La règle d’or est de ne rien attendre et de recevoir ce que tu ressens comme un cadeau. La frustration que tu ressens efface le désir et l’excitation qui sont le carburant du plaisir dont le cerveau est le moteur.

-3) Sur un plan pratique tu dois avoir conscience que les exercices de préparation nécessaires pour pour ton apprentissage ne sont pas en eux-mêmes des sources de plaisir. Les exercices de musculation du plancher pelvien (« kegel »), la relaxation, la respiration abdominale ne sont pas en tant que telles des pratiques orgasmiques. Il est donc normal que dans une situation de frustration tu n’aies plus les mêmes sensations que lorsque tu étais plein d’espoir. Cela ne retire rien à l’utilité de chacun des ces éléments.

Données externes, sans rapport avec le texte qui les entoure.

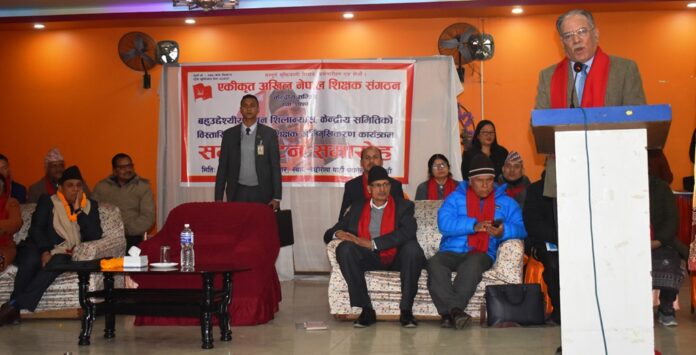 कार्यक्रममा नेकपामाओवादी केन्द्रकामहासचिव देव गुरुङले शिक्षकमा समस्या रहेसम्मशिक्षा सुधार नहुने भन्दै शिक्षकका समस्या समाधान गरी उनीहरुलाई पेशाप्रतिउत्तरदायीबनाउनुपर्नेमाजोड दिए । उत्पीडित शिक्षककामागहरु पूरा गर्दै राज्यले शिक्षण पेशाप्रतिआकर्षण र आत्मविश्वासको वातावरण सिर्जना गर्नुपर्ने उनको भनाइथियो । यसैगरी माओवादी केन्द्रकाउपाध्यक्षएवं पूर्व सभामुखअग्नीप्रसाद सापकोटाले शिक्षककामागपुरा गर्दै राज्यले उनीहरुलाई शिक्षणसँगै खोज, अनुसन्धान र अविष्कारमालगाउनुपर्ने बताए । अध्ययन, खोज र सिकाइजीवनपर्यन्त चलिरहने भन्दै सापकोटाले शिक्षकहरुलाई पनि शिक्षणसँगै अध्ययन र अनुसन्धानमा केन्द्रितहुनआग्रह गरे । एकीकृत अखिल नेपालशिक्षक संगठन(युएण्टो)का अध्यक्षशंकर अधिकारीले संसदमाविद्यालयशिक्षाविधेयकमाथि छलफल शुरु हुनलागेकाले शिक्षकहरुले हस्तक्षेपकारी भूमिकानिर्वाह गर्नुपर्ने आवश्यकताऔंल्याए ।

Lorsque tu fais tes sessions avec ton Helix, parviens-tu à bien les organiser ? Disposes-tu du temps libre suffisant, d’un lieu confortable à l’abri de toute intrusion, de la capacité de ne penser qu’à ton plaisir en dehors de toute pensée parasite ?

Comme te le dit Helix47 ne te décourage pas. Il me paraît important que tu retrouves d’abord ton désir du plaisir prostatique ; que ce désir fasse à nouveau monter ton excitation ; que tu reprennes tes sessions à la base en te concentrant sur ce que tu ressens et non sur ce que tu souhaites ressentir. Une abstinence de massage prostatique pendant quelques jours pourra peut-être t’aider à effacer cette frustration et faire renaître ton désir.
Nombreux sont les anérosiens qui ont mis de longs mois avant de connaître une jouissance profonde et bouleversante. Ta situation et tes réactions sont normales. Fais preuve de patience et de constance ; tu en seras récompensé. En attendant nous sommes là pour t’apporter nos expériences et te soutenir chaque fois que tu en ressens le besoin.